NOW, THEREFORE, in consideration of the foregoing and the mutual covenants and agreements herein contained, and intending to be legally bound hereby, the Company Parties hereby provides the waiver described in Section 1 below:
| 1. | Waiver. Each of the Company Parties hereby irrevocably waives the conditions set forth in Section 10.03(j) and 10.03(k) of the Business Combination Agreement. |
| 2. | Limited Effect. The Business Combination Agreement shall continue in full force and effect in accordance with its terms. By executing this Waiver, each of the Company Parties acknowledges that this Waiver has been executed and delivered in compliance with Section 11.05 of the Business Combination Agreement. Reference to this Waiver need not be made in the Business Combination Agreement or any other instrument or document executed in connection therewith, or in any certificate, letter or communication issued or made pursuant to, or with respect to, the Business Combination Agreement. |
| 3. | Incorporation by Reference.

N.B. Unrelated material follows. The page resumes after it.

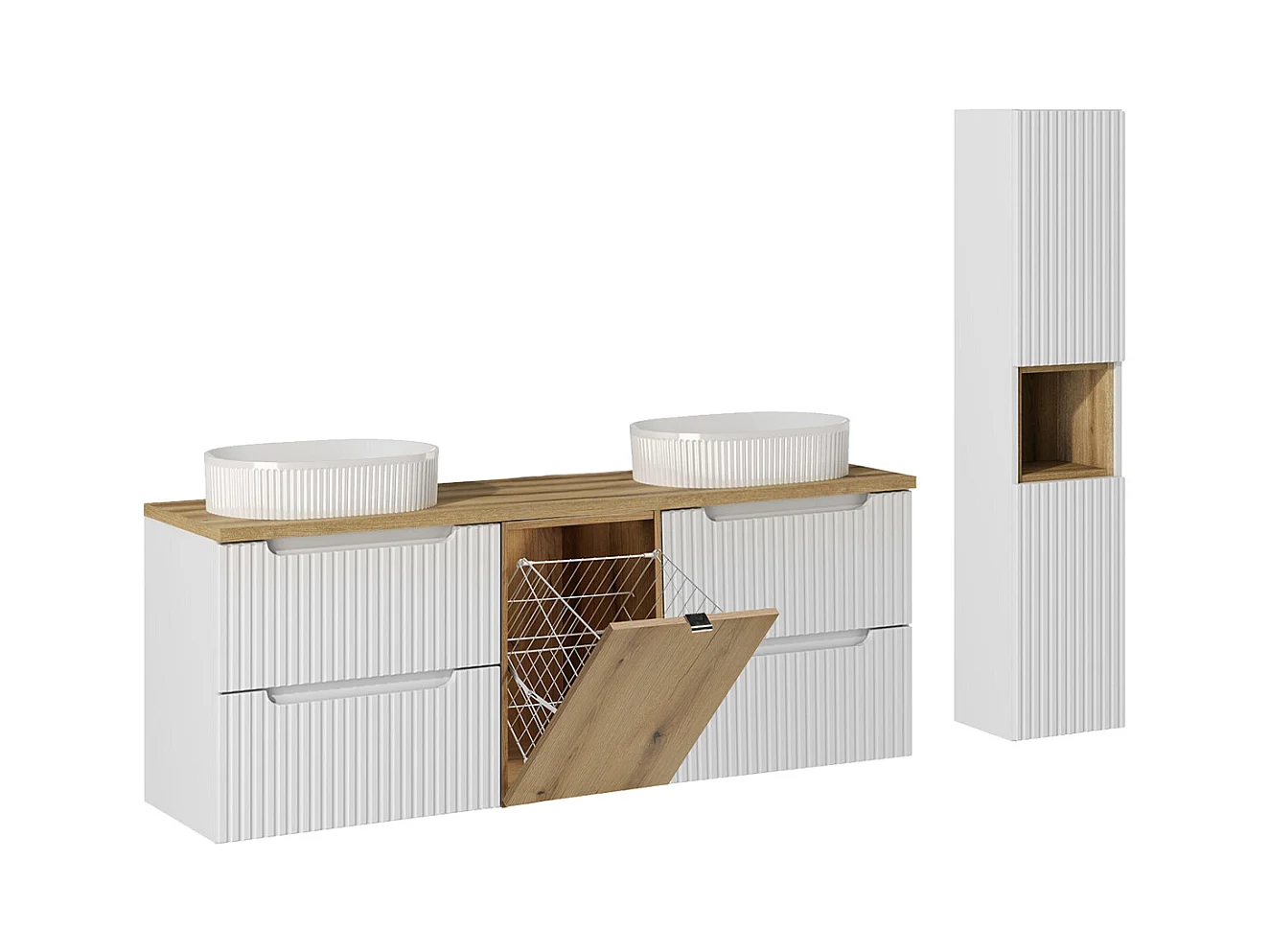 Ensemble meuble double vasque 160cm panier à linge et colonne Riva Blanc et Bois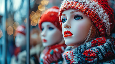 Discover an upscale boutique window display featuring stylish mannequins dressed in vibrant fashions. Perfect for capturing the charm of winter shopping experiences.

The provisions of Article XII of the Business Combination Agreement are incorporated herein by reference and shall apply to the terms and provisions of this Waiver and the Company Parties hereto mutatis mutandis. |
[Signature Pages Follow]
IN WITNESS WHEREOF, the Company Parties have caused this Waiver to be executed as of the date first written above by their respective officers thereunto duly authorized.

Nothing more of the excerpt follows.